Information shown Start Marker
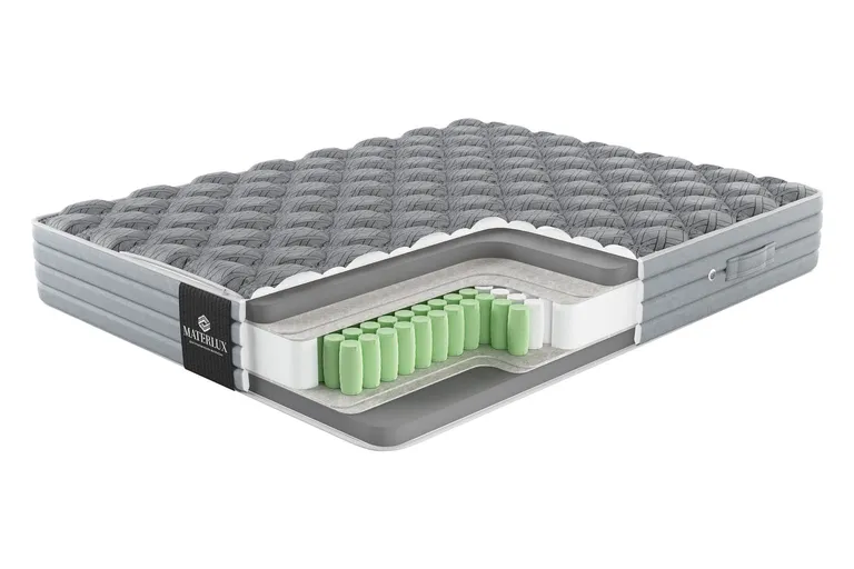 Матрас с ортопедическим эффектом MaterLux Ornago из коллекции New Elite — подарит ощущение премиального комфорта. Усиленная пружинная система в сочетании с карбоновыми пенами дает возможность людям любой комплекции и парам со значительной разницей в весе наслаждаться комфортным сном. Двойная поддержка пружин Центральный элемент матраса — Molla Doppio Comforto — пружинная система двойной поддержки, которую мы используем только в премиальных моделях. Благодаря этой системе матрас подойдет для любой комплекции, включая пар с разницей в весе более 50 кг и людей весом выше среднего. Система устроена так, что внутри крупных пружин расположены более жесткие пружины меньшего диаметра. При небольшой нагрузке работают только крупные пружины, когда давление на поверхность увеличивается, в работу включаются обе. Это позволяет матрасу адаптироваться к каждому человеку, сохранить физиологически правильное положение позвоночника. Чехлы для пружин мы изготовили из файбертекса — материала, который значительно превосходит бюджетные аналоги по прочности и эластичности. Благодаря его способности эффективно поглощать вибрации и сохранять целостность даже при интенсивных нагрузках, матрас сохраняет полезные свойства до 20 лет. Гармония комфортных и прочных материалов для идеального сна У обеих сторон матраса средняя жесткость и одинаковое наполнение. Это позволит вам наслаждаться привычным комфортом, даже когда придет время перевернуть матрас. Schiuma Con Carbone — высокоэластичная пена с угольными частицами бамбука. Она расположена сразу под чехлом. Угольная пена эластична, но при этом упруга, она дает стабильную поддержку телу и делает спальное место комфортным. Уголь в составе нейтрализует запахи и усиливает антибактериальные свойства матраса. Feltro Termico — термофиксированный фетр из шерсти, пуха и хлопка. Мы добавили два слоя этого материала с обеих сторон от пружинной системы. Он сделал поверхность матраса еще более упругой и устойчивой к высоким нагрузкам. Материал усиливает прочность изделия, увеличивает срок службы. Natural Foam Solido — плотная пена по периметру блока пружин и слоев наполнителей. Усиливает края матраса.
Information shown End Marker
Information shown Start Marker
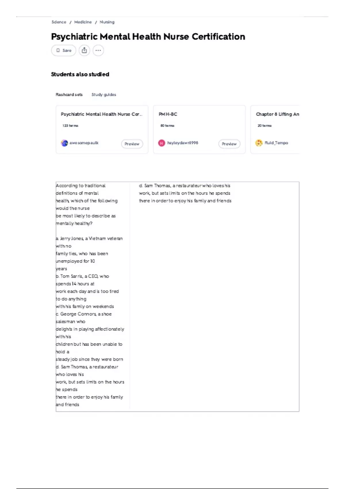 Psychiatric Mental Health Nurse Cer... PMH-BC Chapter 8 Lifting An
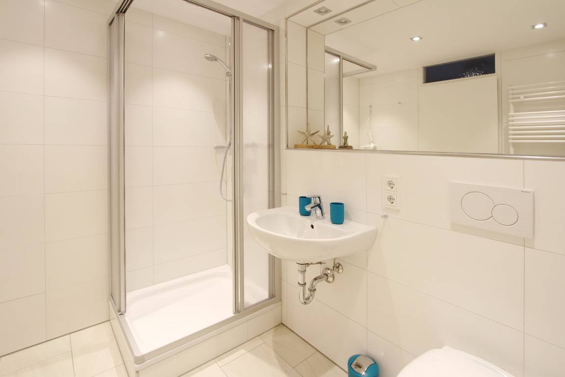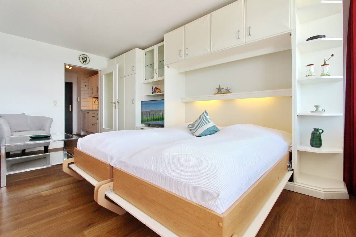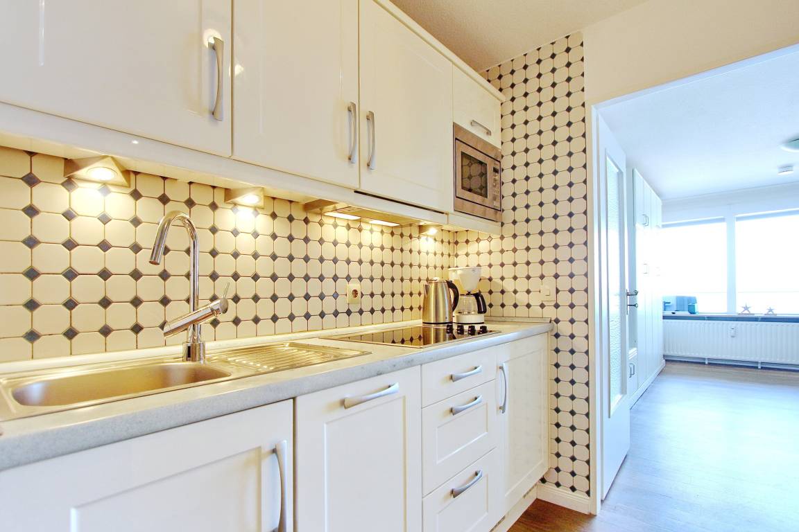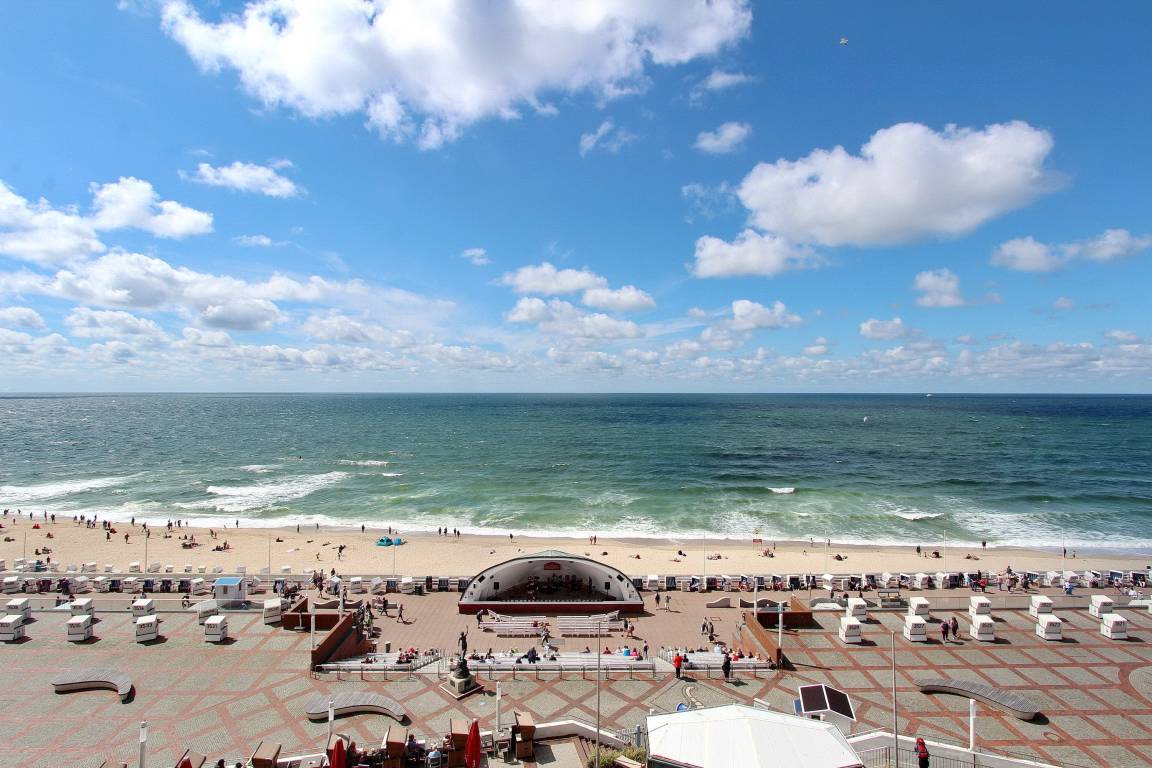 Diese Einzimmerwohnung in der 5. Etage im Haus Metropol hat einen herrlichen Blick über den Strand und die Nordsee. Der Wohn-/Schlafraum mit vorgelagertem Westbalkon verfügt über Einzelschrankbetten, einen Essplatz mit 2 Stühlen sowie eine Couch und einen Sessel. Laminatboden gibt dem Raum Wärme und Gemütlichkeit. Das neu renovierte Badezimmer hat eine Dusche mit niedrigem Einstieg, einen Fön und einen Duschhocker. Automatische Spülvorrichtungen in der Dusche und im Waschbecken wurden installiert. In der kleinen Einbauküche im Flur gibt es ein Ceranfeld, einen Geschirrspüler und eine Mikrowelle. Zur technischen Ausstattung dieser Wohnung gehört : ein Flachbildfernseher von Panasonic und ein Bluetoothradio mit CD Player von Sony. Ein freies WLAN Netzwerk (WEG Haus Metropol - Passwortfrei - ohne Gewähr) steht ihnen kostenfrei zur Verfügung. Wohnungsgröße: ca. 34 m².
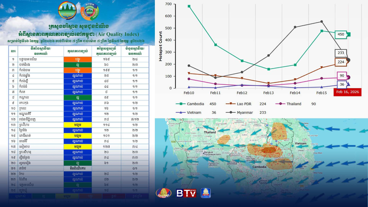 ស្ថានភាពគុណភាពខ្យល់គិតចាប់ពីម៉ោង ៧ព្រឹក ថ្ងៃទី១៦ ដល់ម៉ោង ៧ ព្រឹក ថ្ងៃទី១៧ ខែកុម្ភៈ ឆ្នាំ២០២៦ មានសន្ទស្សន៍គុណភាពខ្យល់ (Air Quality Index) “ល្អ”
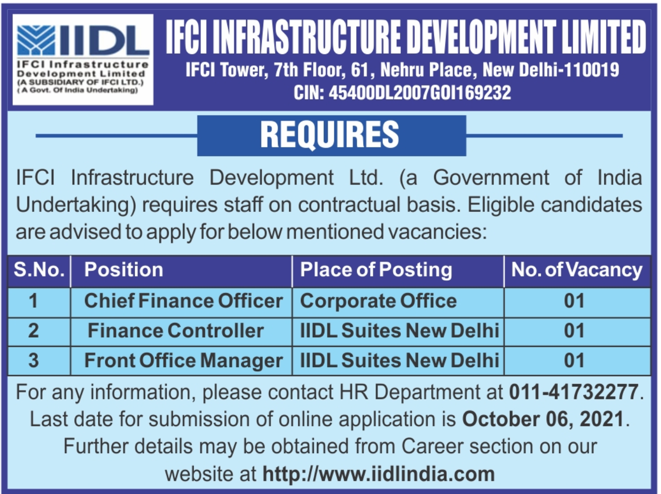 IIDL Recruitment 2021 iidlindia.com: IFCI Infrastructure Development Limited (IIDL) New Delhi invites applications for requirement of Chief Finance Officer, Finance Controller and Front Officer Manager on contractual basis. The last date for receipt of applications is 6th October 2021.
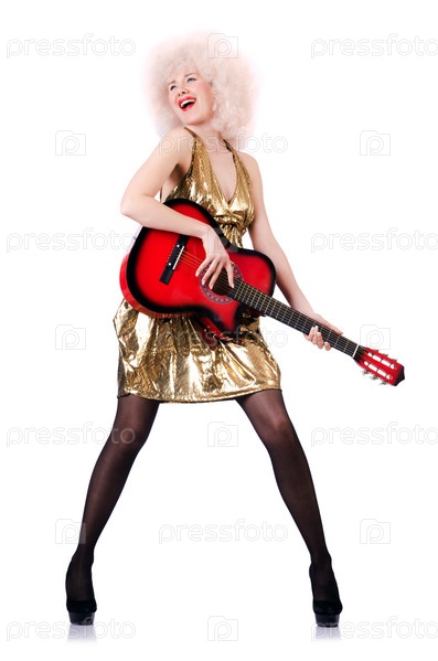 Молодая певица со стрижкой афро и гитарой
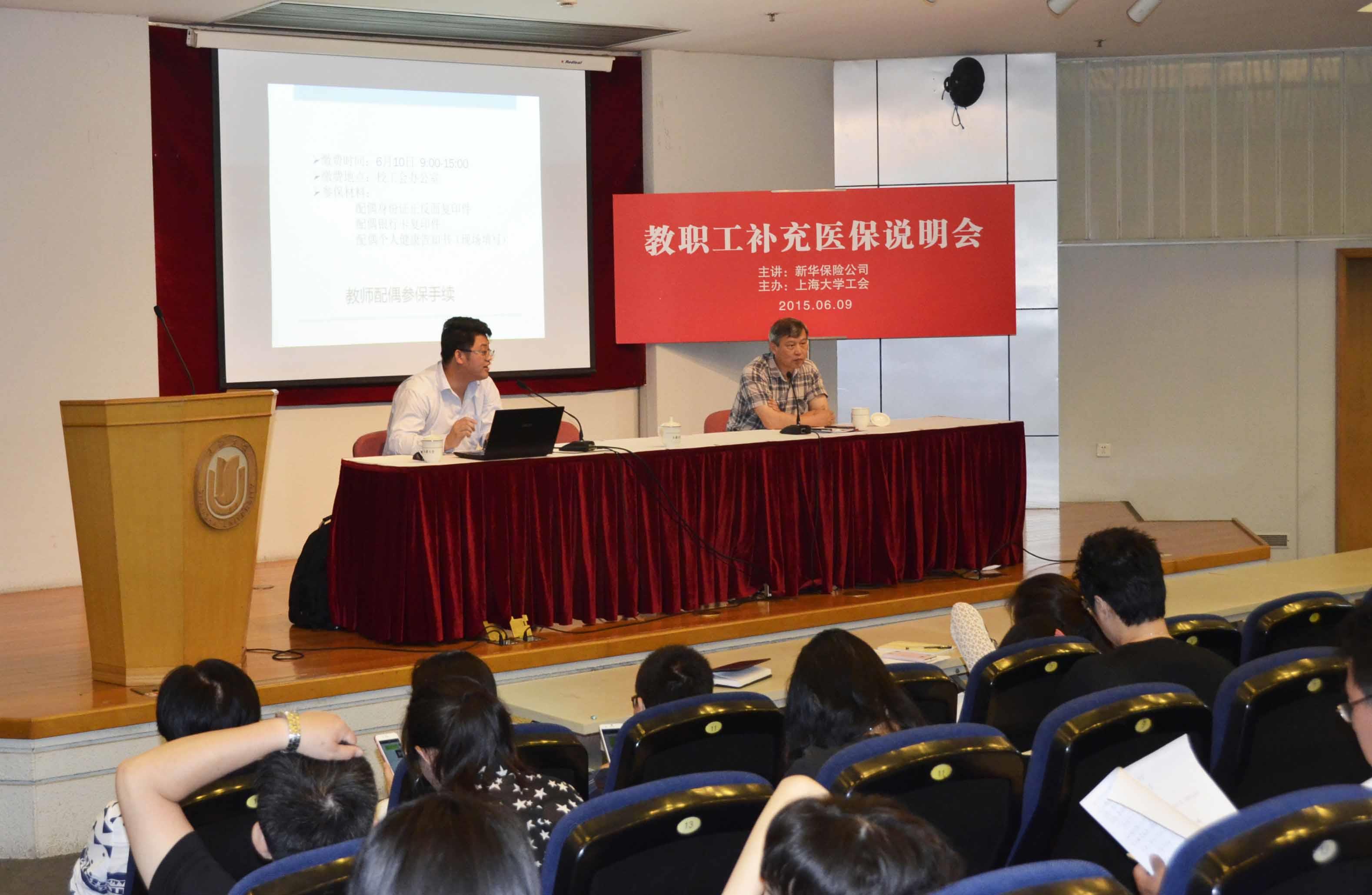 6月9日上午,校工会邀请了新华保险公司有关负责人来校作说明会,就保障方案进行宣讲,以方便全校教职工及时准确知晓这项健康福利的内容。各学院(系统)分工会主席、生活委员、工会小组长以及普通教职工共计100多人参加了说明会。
Information shown End Marker
Information shown Start Marker
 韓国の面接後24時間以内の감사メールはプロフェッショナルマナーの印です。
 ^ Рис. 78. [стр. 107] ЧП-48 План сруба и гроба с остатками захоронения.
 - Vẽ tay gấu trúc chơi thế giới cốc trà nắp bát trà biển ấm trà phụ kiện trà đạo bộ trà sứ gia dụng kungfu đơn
Information shown End Marker
Look above for the line with "ស្ថានភាពគុណភាពខ្យល់គិតចាប់ពីម៉ោង ៧ព្រឹក ថ្ងៃទី១៦", then give again exactly every line from there through the line with "6月9日上午,校工会邀请了新", skipping the pictures.

 ស្ថានភាពគុណភាពខ្យល់គិតចាប់ពីម៉ោង ៧ព្រឹក ថ្ងៃទី១៦ ដល់ម៉ោង ៧ ព្រឹក ថ្ងៃទី១៧ ខែកុម្ភៈ ឆ្នាំ២០២៦ មានសន្ទស្សន៍គុណភាពខ្យល់ (Air Quality Index) “ល្អ”
 IIDL Recruitment 2021 iidlindia.com: IFCI Infrastructure Development Limited (IIDL) New Delhi invites applications for requirement of Chief Finance Officer, Finance Controller and Front Officer Manager on contractual basis. The last date for receipt of applications is 6th October 2021.
 Молодая певица со стрижкой афро и гитарой
 6月9日上午,校工会邀请了新华保险公司有关负责人来校作说明会,就保障方案进行宣讲,以方便全校教职工及时准确知晓这项健康福利的内容。各学院(系统)分工会主席、生活委员、工会小组长以及普通教职工共计100多人参加了说明会。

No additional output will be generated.